Work to complete: A verbatim copy of every record is required, and no pictures should be included.

═══ Extracted information ═══

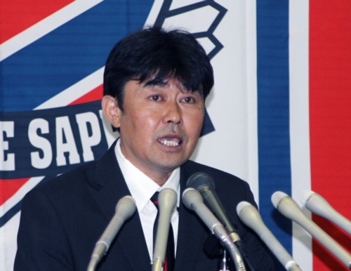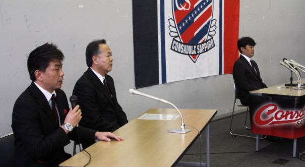 北海道フットボールクラブ(HFC=矢萩竹美社長)は2012年12月14日、コンサドーレ札幌の新監督に財前恵一氏(44)を選び、就任記者会見を行った。財前氏は、アビスパ福岡のU−18監督からの就任で、2月1日から1年契約。
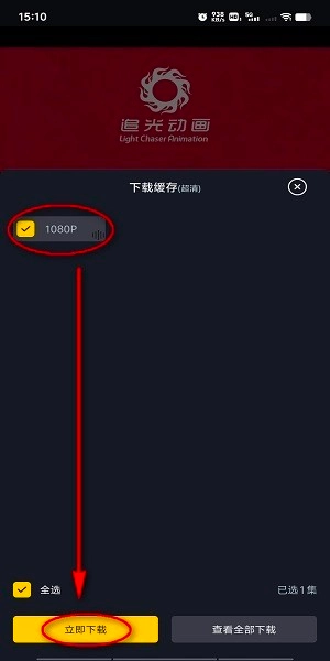 在弹出的“缓存”界面中,先选择画质(例如1080P),再点击底部的“立即”按钮。
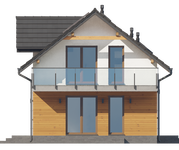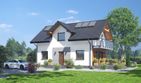 Graficzne opracowanie rzutów poglądowych widocznych na karcie projektu zostało wykonane przez Extradom.pl. Prezentowane przez Extradom.pl wizualizacje wykonane zostały przez autora projektu i należy poczytywać je jedynie za przykład i propozycję wykończenia, wizję architektoniczną autora projektu. Ostateczne wykończenie budynku może nastąpić na wiele sposobów. Szczegółowe rozwiązania zastosowane w oferowanej dokumentacji - w tym również ilość, lokalizacje i wygląd okien, drzwi, kominów - mogą w niewielkim stopniu różnić się od prezentowanej wizualizacji budynku.
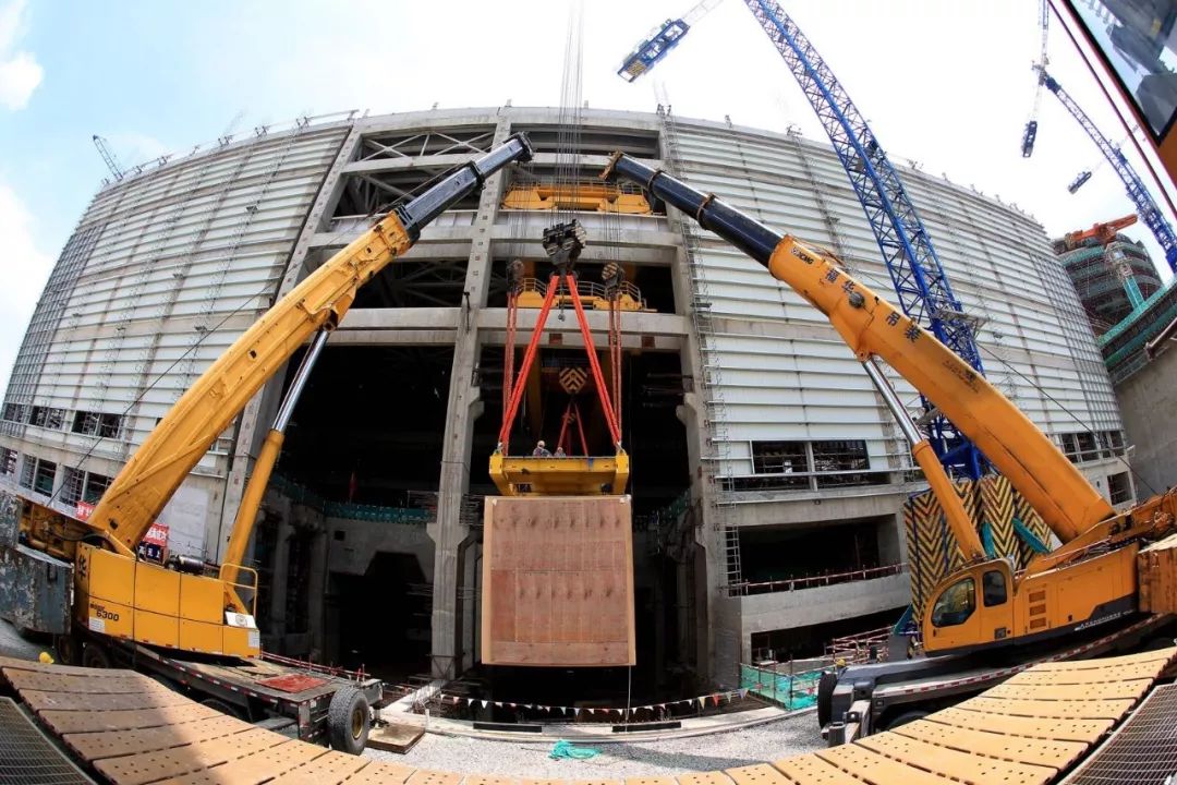凝汽器是常規島最大的輔機設備,殼體則是凝汽器的重要部件之一,共有4個模塊,最重模塊達到148噸, 采用模塊化供貨安裝,在現場組對拼焊成一個整體。本次殼體模塊吊裝采用廠房外大型履帶吊起重機和廠房內橋式起重機相互配合方式,通過抬吊和連續換鉤等工序完成吊裝作業。
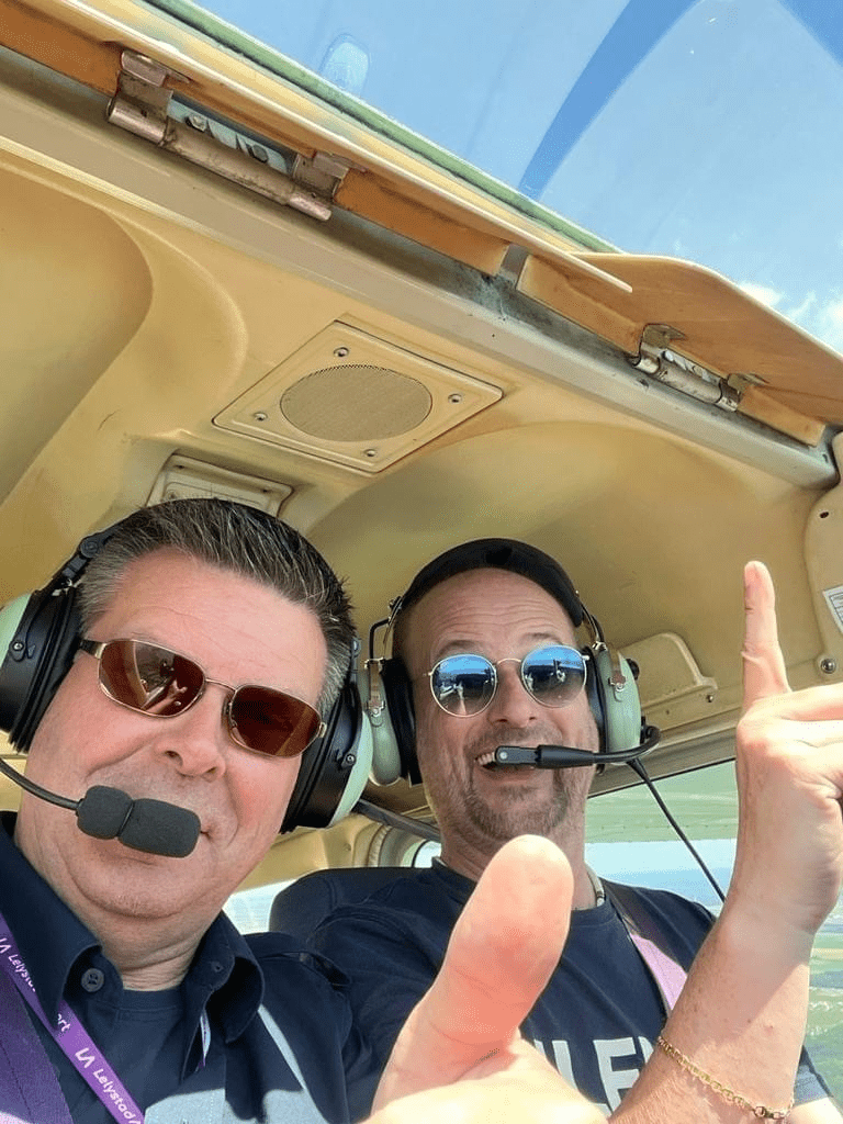 Uiteraard was Erwin op de hoogte van de reden waarom ik wilde vliegen en hij heeft mij super goed wegwijs gemaakt met alle knoppen, meters en hendeltjes.
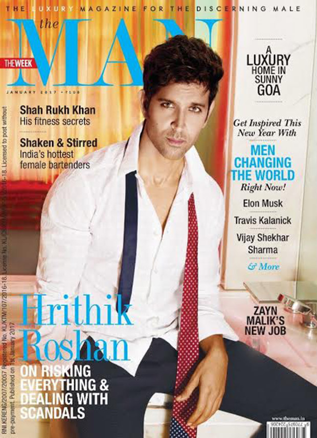 Hrithik Roshan has graced the January issue of ‘The Man’ magazine and it is totally drool-worthy. He is wearing a white shirt with navy blue pants and an unmade tie. The caption on the cover reads, “Hrithik Roshan- On risking everything and dealing with scandals.”
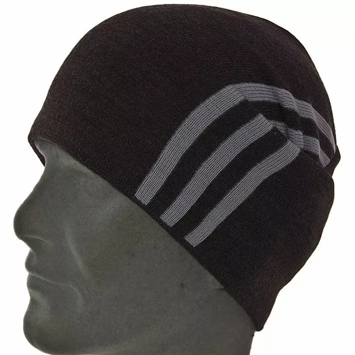 Удлиненная вязаная шапка с тремя полосами по бокам, придают этому
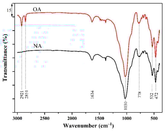 The FTIR spectra of NA and OA are presented in Figure 3. The change in structural orderliness can be determined by the increase in intensity, number, and sharpness, as well as by the shifts in band frequencies of the peaks [19]. It is known that the main infrared characteristic peaks of albite occur at 400–1300 cm−1 [27]. In this range, there were four similar bands in the starting albite and organoalbite samples, which appeared at approximately 472, 532, 778, and 1030 cm−1. The two obvious peaks centered at 472 cm−1 and 532 cm−1, represented the bending vibration of Si–O–Si and the coupling between the O–Si–O deformation and the Na–O stretching, respectively [27,28]. The band at 778 cm−1 was attributed to Si–O–Si bending vibrations, while the Si–O symmetric bond stretching bands could be seen in the region of 900–1200 cm−1 centered at 1030 cm−1 [19,29]. Furthermore, the peak centered at 1634 cm−1 and 3453 cm−1 correspond to the bending and stretching vibrations of water molecules [17,30]. This meant that there were H-bonded hydroxyls and physically adsorbed water attached on the albite and organoalbite surfaces. However, the bands between 2800–3000 cm−1 associated with the symmetric and asymmetric CH2 stretching modes of the alkyl chain were particularly present in OA, indicating that surfactant molecules have successfully inserted NA [17,30].
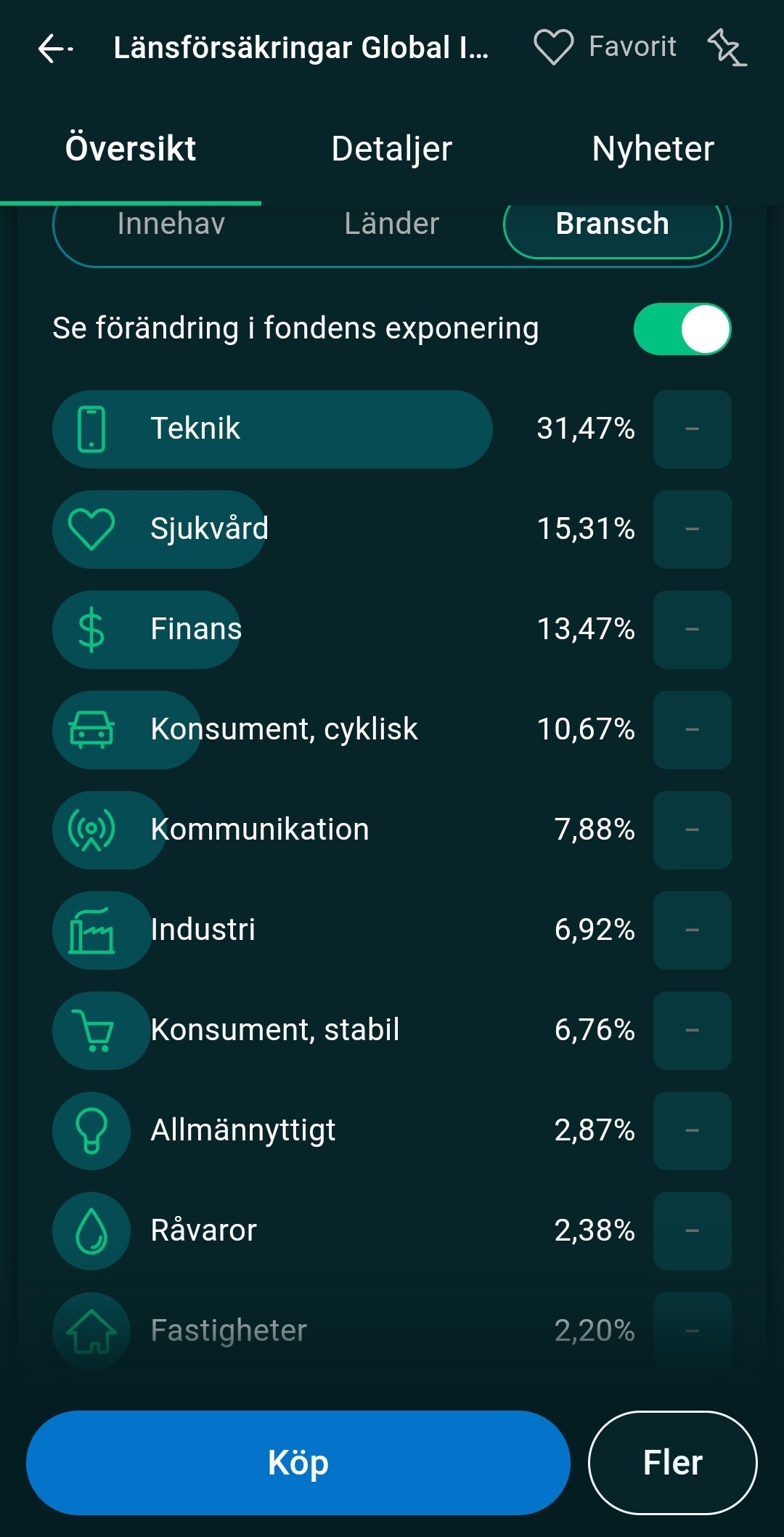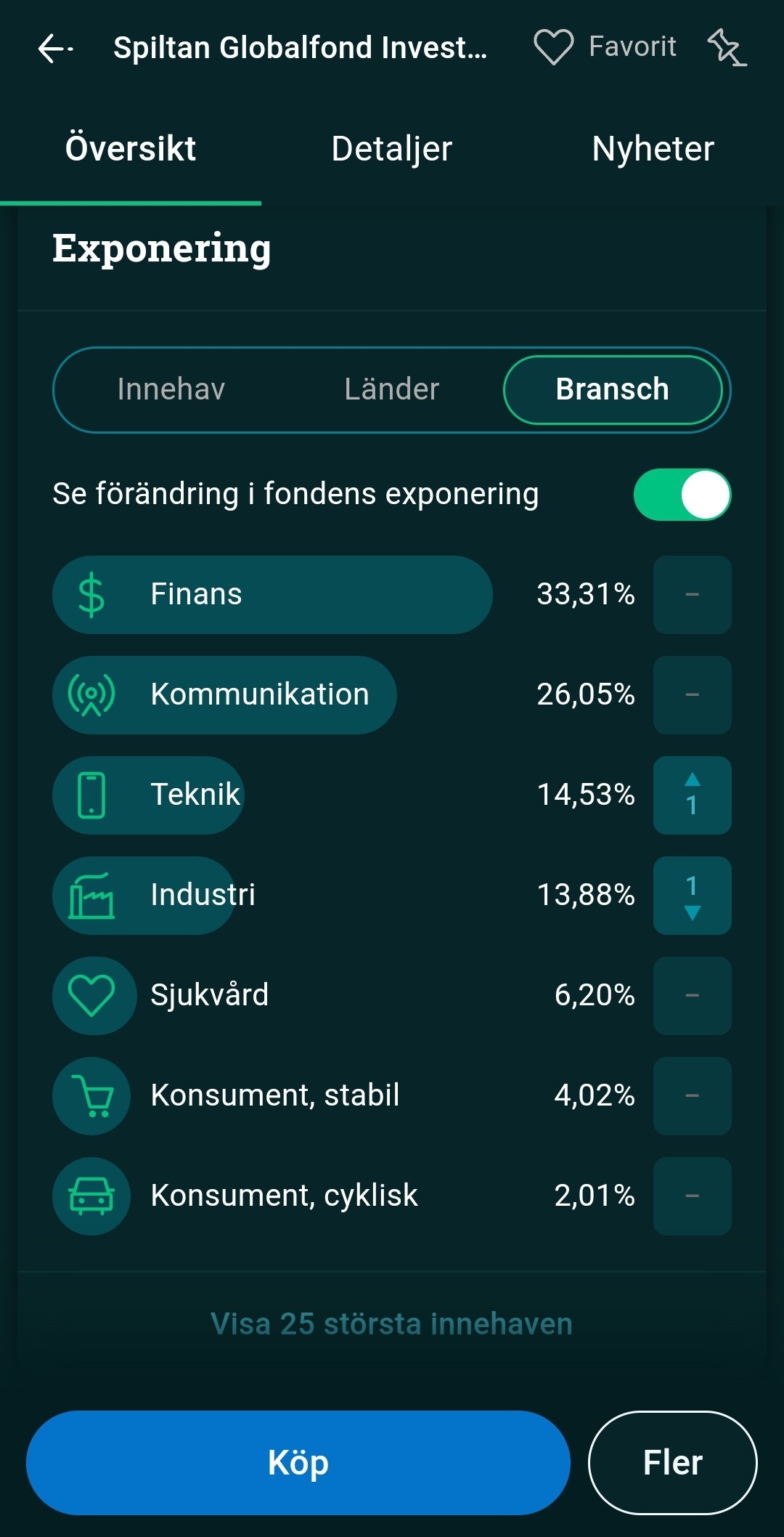Sitter och funderar på att spara i 2 olika globala indexfonder istället för 1. Det är främst länsförsäkringar och spiltan global som jag tittat på. Har i dagsläget bara länsförsäkringar men jag ser att många globala indexfonder har nästan samma uppsättning som länsförsäkringar men inte spiltan som satsar mer på andra branscher ( finans mest) i jämförelse.
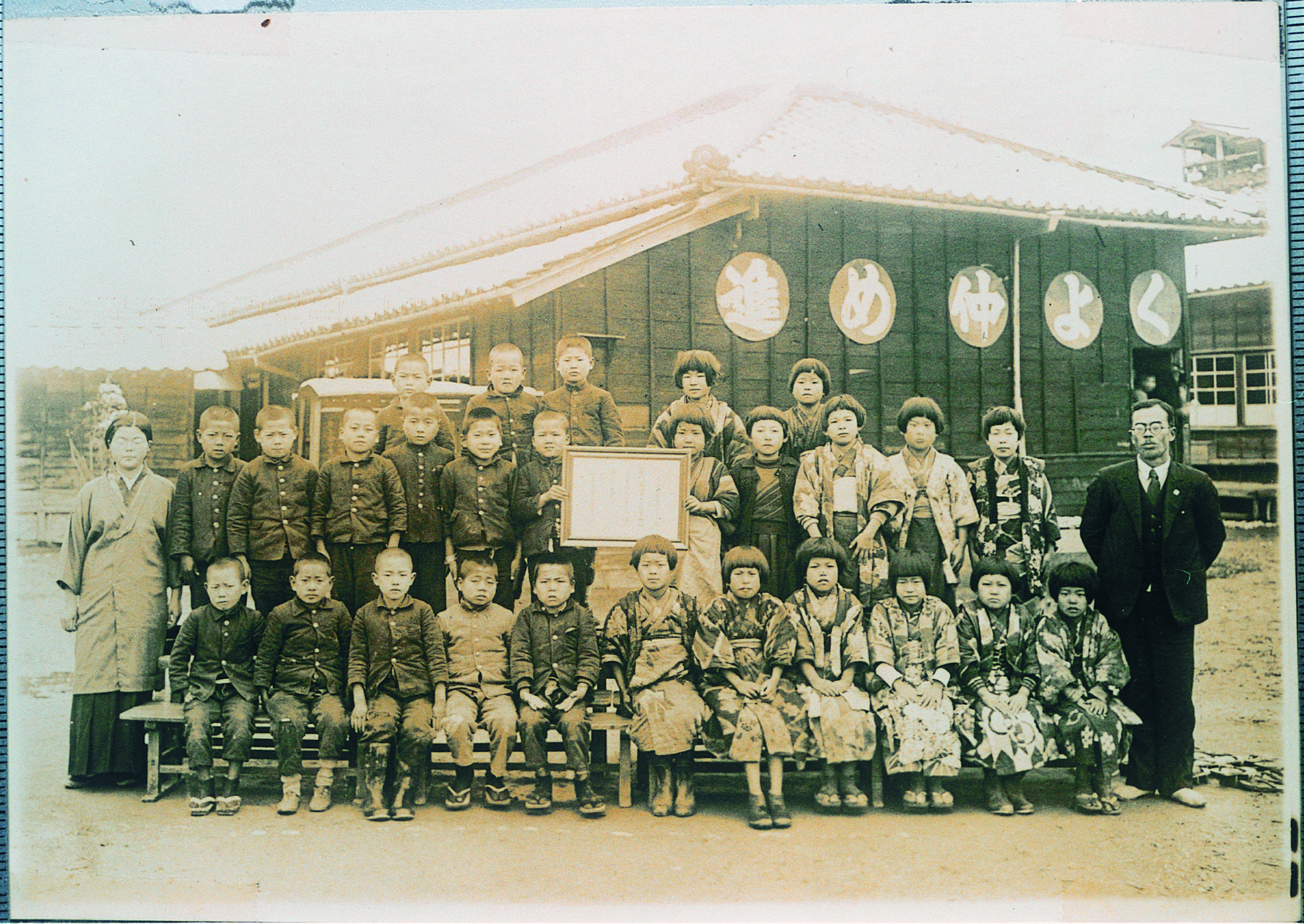 古見小 高等科卒業写真 中央に神主

═══

Task output:
 北海道フットボールクラブ(HFC=矢萩竹美社長)は2012年12月14日、コンサドーレ札幌の新監督に財前恵一氏(44)を選び、就任記者会見を行った。財前氏は、アビスパ福岡のU−18監督からの就任で、2月1日から1年契約。
 在弹出的“缓存”界面中,先选择画质(例如1080P),再点击底部的“立即”按钮。
 Graficzne opracowanie rzutów poglądowych widocznych na karcie projektu zostało wykonane przez Extradom.pl. Prezentowane przez Extradom.pl wizualizacje wykonane zostały przez autora projektu i należy poczytywać je jedynie za przykład i propozycję wykończenia, wizję architektoniczną autora projektu. Ostateczne wykończenie budynku może nastąpić na wiele sposobów. Szczegółowe rozwiązania zastosowane w oferowanej dokumentacji - w tym również ilość, lokalizacje i wygląd okien, drzwi, kominów - mogą w niewielkim stopniu różnić się od prezentowanej wizualizacji budynku.
凝汽器是常規島最大的輔機設備,殼體則是凝汽器的重要部件之一,共有4個模塊,最重模塊達到148噸, 采用模塊化供貨安裝,在現場組對拼焊成一個整體。本次殼體模塊吊裝采用廠房外大型履帶吊起重機和廠房內橋式起重機相互配合方式,通過抬吊和連續換鉤等工序完成吊裝作業。
 Uiteraard was Erwin op de hoogte van de reden waarom ik wilde vliegen en hij heeft mij super goed wegwijs gemaakt met alle knoppen, meters en hendeltjes.
 Hrithik Roshan has graced the January issue of ‘The Man’ magazine and it is totally drool-worthy. He is wearing a white shirt with navy blue pants and an unmade tie. The caption on the cover reads, “Hrithik Roshan- On risking everything and dealing with scandals.”
 Удлиненная вязаная шапка с тремя полосами по бокам, придают этому
 The FTIR spectra of NA and OA are presented in Figure 3. The change in structural orderliness can be determined by the increase in intensity, number, and sharpness, as well as by the shifts in band frequencies of the peaks [19]. It is known that the main infrared characteristic peaks of albite occur at 400–1300 cm−1 [27]. In this range, there were four similar bands in the starting albite and organoalbite samples, which appeared at approximately 472, 532, 778, and 1030 cm−1. The two obvious peaks centered at 472 cm−1 and 532 cm−1, represented the bending vibration of Si–O–Si and the coupling between the O–Si–O deformation and the Na–O stretching, respectively [27,28]. The band at 778 cm−1 was attributed to Si–O–Si bending vibrations, while the Si–O symmetric bond stretching bands could be seen in the region of 900–1200 cm−1 centered at 1030 cm−1 [19,29]. Furthermore, the peak centered at 1634 cm−1 and 3453 cm−1 correspond to the bending and stretching vibrations of water molecules [17,30]. This meant that there were H-bonded hydroxyls and physically adsorbed water attached on the albite and organoalbite surfaces. However, the bands between 2800–3000 cm−1 associated with the symmetric and asymmetric CH2 stretching modes of the alkyl chain were particularly present in OA, indicating that surfactant molecules have successfully inserted NA [17,30].
Sitter och funderar på att spara i 2 olika globala indexfonder istället för 1. Det är främst länsförsäkringar och spiltan global som jag tittat på. Har i dagsläget bara länsförsäkringar men jag ser att många globala indexfonder har nästan samma uppsättning som länsförsäkringar men inte spiltan som satsar mer på andra branscher ( finans mest) i jämförelse.
 古見小 高等科卒業写真 中央に神主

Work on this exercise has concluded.